**Prompt**
All the lines below should be set down exactly, with no picture carried into the copy.

**Dataset section**
↓

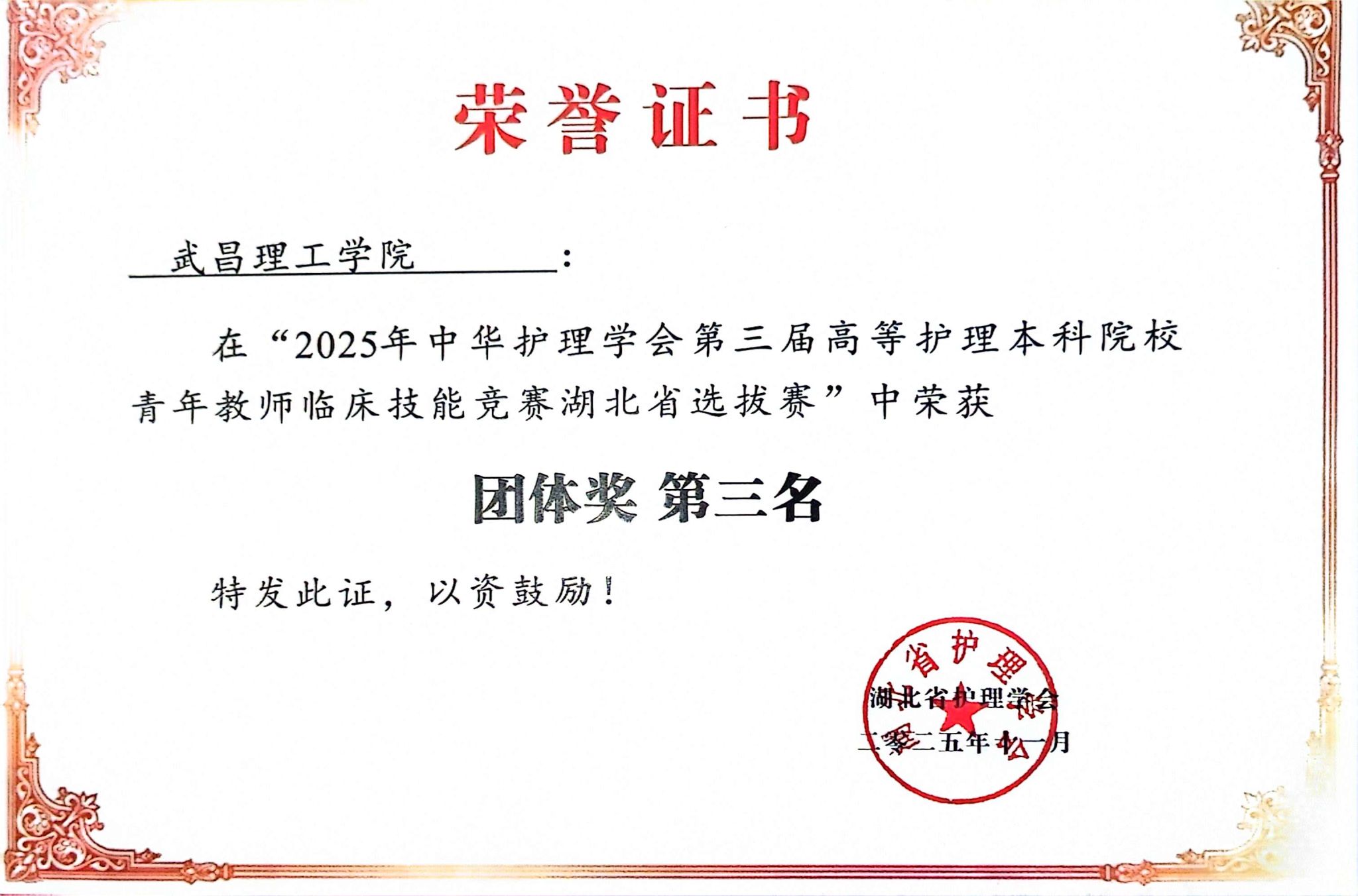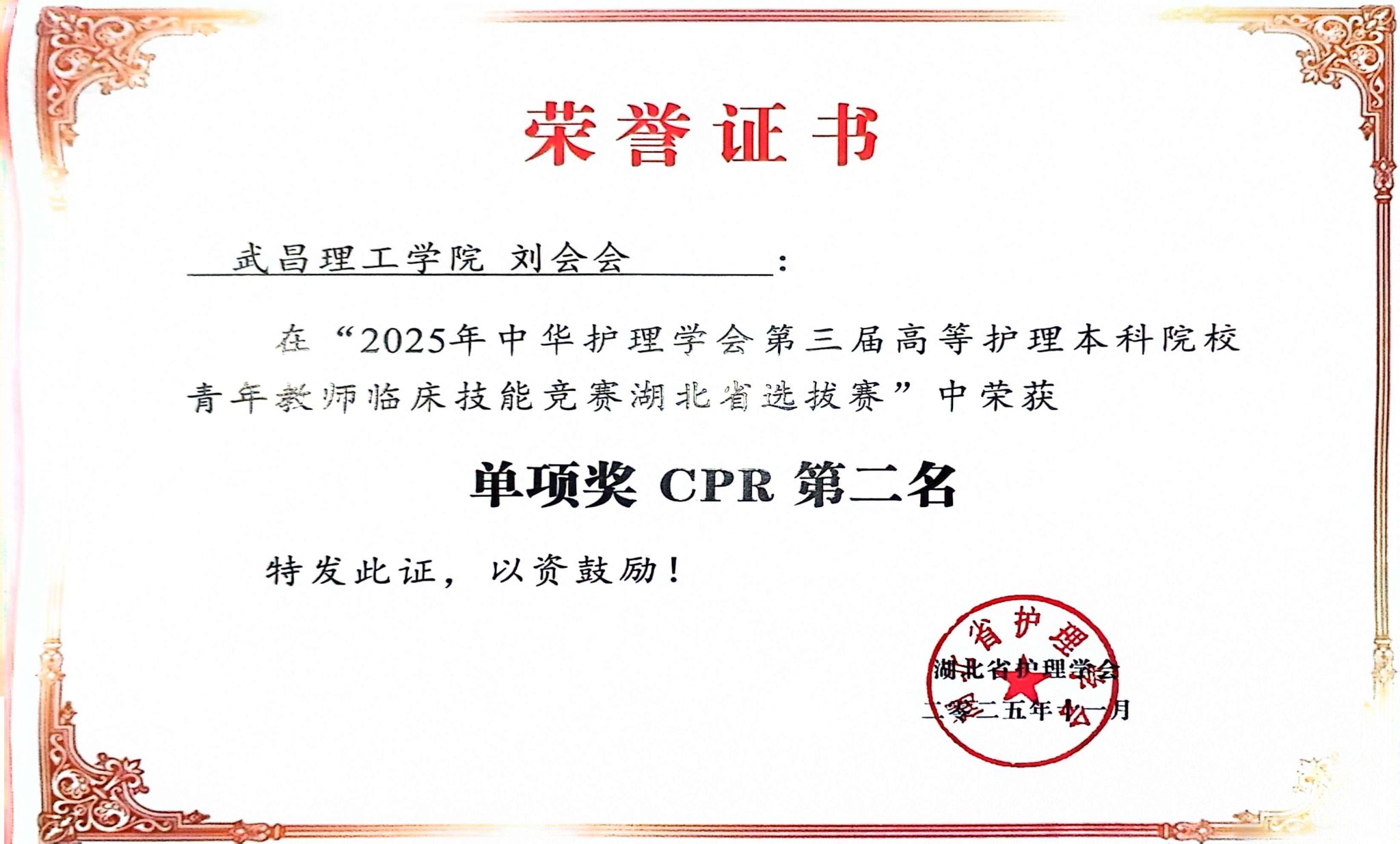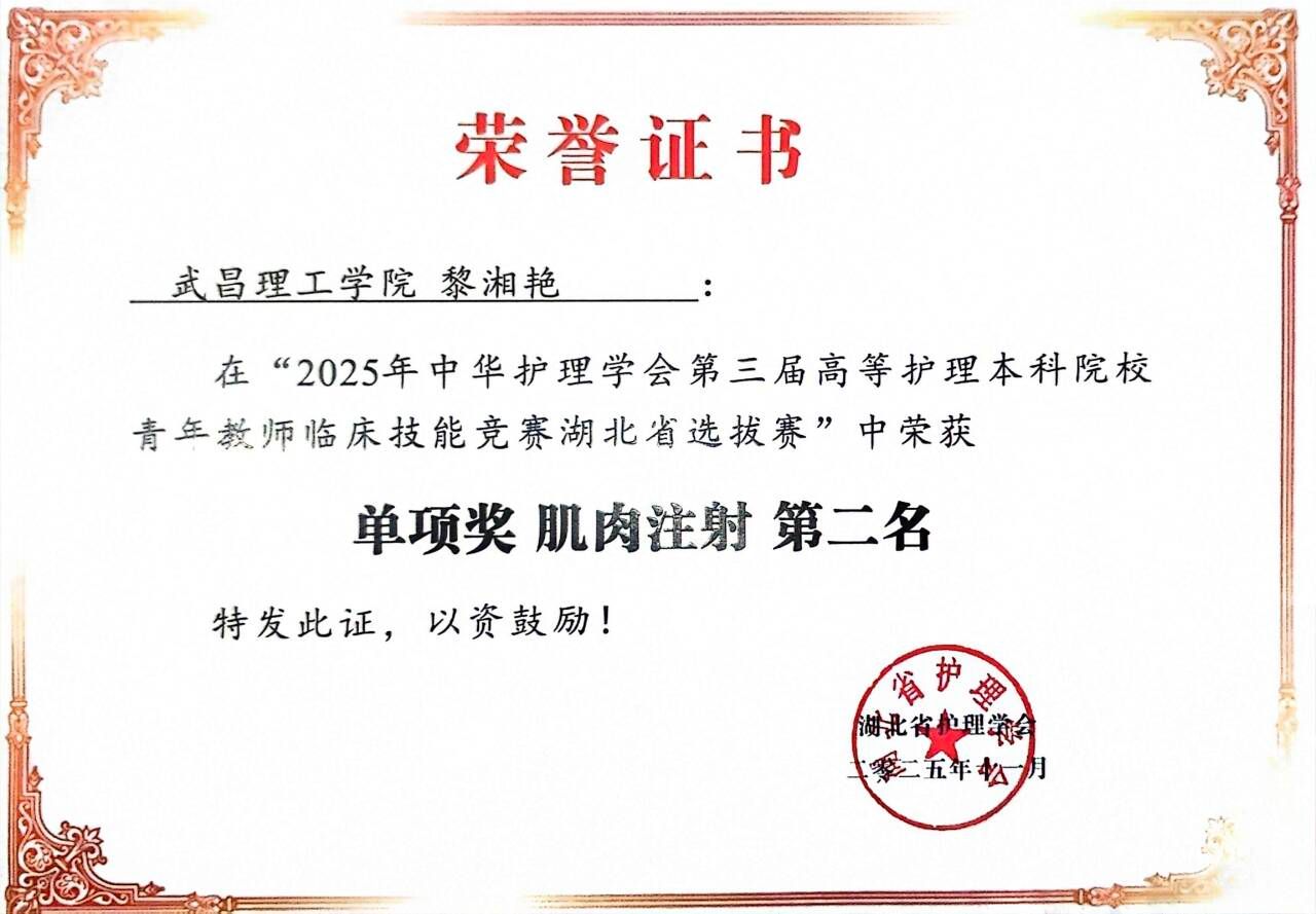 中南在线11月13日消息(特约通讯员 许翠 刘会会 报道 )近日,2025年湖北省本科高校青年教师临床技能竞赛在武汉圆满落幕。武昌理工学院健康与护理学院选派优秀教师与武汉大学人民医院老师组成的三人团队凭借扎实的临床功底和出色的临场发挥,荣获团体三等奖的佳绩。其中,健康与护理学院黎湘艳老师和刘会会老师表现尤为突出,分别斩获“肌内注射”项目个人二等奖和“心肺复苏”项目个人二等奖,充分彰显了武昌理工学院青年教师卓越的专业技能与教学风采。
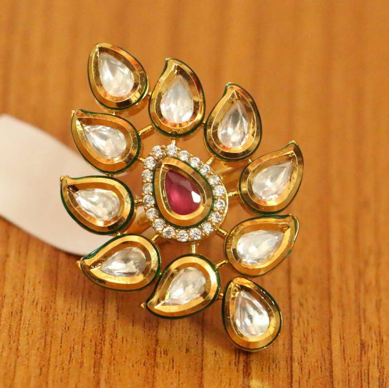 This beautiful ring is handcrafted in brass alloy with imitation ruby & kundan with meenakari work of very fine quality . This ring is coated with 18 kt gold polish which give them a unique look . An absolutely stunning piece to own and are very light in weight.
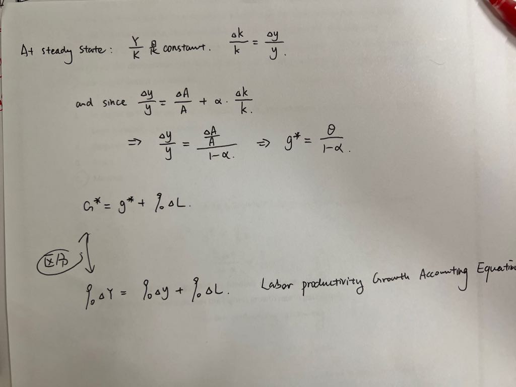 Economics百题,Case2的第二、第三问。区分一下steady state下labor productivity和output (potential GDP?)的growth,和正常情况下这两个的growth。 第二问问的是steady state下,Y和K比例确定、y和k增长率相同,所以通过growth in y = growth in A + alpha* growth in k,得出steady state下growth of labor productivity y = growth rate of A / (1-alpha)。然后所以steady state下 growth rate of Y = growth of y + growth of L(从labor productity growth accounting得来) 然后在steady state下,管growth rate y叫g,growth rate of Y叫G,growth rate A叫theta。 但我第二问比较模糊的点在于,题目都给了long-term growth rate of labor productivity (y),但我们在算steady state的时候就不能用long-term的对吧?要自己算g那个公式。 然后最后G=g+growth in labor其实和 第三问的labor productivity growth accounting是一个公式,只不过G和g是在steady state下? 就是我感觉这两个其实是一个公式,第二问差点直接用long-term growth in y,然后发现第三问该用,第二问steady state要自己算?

↑

**Response box**
 中南在线11月13日消息(特约通讯员 许翠 刘会会 报道 )近日,2025年湖北省本科高校青年教师临床技能竞赛在武汉圆满落幕。武昌理工学院健康与护理学院选派优秀教师与武汉大学人民医院老师组成的三人团队凭借扎实的临床功底和出色的临场发挥,荣获团体三等奖的佳绩。其中,健康与护理学院黎湘艳老师和刘会会老师表现尤为突出,分别斩获“肌内注射”项目个人二等奖和“心肺复苏”项目个人二等奖,充分彰显了武昌理工学院青年教师卓越的专业技能与教学风采。
 This beautiful ring is handcrafted in brass alloy with imitation ruby & kundan with meenakari work of very fine quality . This ring is coated with 18 kt gold polish which give them a unique look . An absolutely stunning piece to own and are very light in weight.
 Economics百题,Case2的第二、第三问。区分一下steady state下labor productivity和output (potential GDP?)的growth,和正常情况下这两个的growth。 第二问问的是steady state下,Y和K比例确定、y和k增长率相同,所以通过growth in y = growth in A + alpha* growth in k,得出steady state下growth of labor productivity y = growth rate of A / (1-alpha)。然后所以steady state下 growth rate of Y = growth of y + growth of L(从labor productity growth accounting得来) 然后在steady state下,管growth rate y叫g,growth rate of Y叫G,growth rate A叫theta。 但我第二问比较模糊的点在于,题目都给了long-term growth rate of labor productivity (y),但我们在算steady state的时候就不能用long-term的对吧?要自己算g那个公式。 然后最后G=g+growth in labor其实和 第三问的labor productivity growth accounting是一个公式,只不过G和g是在steady state下? 就是我感觉这两个其实是一个公式,第二问差点直接用long-term growth in y,然后发现第三问该用,第二问steady state要自己算?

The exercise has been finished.